Nephropathic cystinosis is a rare disease affecting infants who inherit two mutant copies of the CTNS gene, causing accumulation of cystine in all tissues. At birth, babies appear normal, but growth is impaired by 4 to 6 months and important nutrients leak into the urine. Without treatment, dialysis and transplantation are required by age 10. Other organs deteriorate in the teenage years. In young adults, the muscles, brain and heart are affected and survival beyond 30 years is rare. Current treatment, cysteamine, can delay (but not prevent) renal failure.

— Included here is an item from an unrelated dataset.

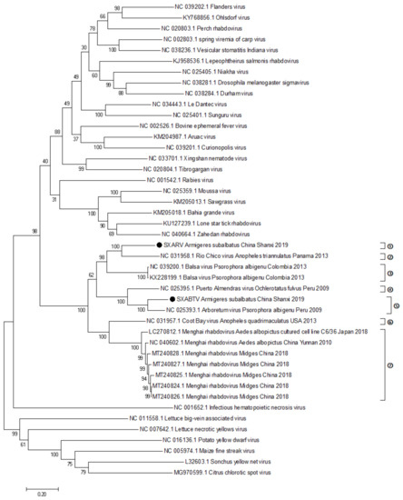 According to the virus genome sequence information obtained via NGS sequencing, we designed amplification primers to cover the full-length genome nucleotide sequence of SXARV and SXABTV, respectively, using Primer-BLAST (https://www.ncbi.nlm.nih.gov/tools/primer-blast (accessed on 5 April 2021)), and the primers used are listed in Table S4. The cDNA library of the fourth-generation supernatant of C6/36 cells inoculated with the SX1916 isolate was used as a template. PCR amplification and nucleotide sequence determination of the whole genome of each rhabdovirus were conducted using the designed primers. The non-infected control C6/36 cell lines were negative for both viruses discovered in this study. The obtained whole-genome nucleotide sequences of SXABTV and SXARV were uploaded to GenBank under accession nos. MW890015 and MW890016, respectively.

In Québec, cystinosis is more common due to a special (“Nonsense”) mutation in the CTNS gene (W138X) introduced into the French Canadian population by an Irish immigrant. Nonsense mutations instruct the cell to stop production of CTNS protein before it is finished. Certain antibiotics (aminoglycosides) can trick the cell to bypass a Nonsense mutation, but are generally too toxic to be used as long-term therapy. In recent years, Eloxx Pharmaceuticals has designed a novel aminoglycoside (ELX-02) that is much less toxic. Studies at McGill University showed that ELX-02 bypasses the W138X mutation in patient cells and shows no toxicity in cells, animals and human volunteers. By restoring production of the normal CTNS protein, sustained ELX-02 therapy has the potential to be curative.

Eloxx Pharmaceuticals is now partnering with the laboratory of Dr. Paul Goodyer to screen North Americans for CTNS Nonsense Mutations and then move to a Phase II clinical trial. If the trial proves successful, ELX-02 could save up to 5.2 million in the case of cystinosis and would set a precedent for a broad application in other genetic diseases caused by Nonsense Mutations.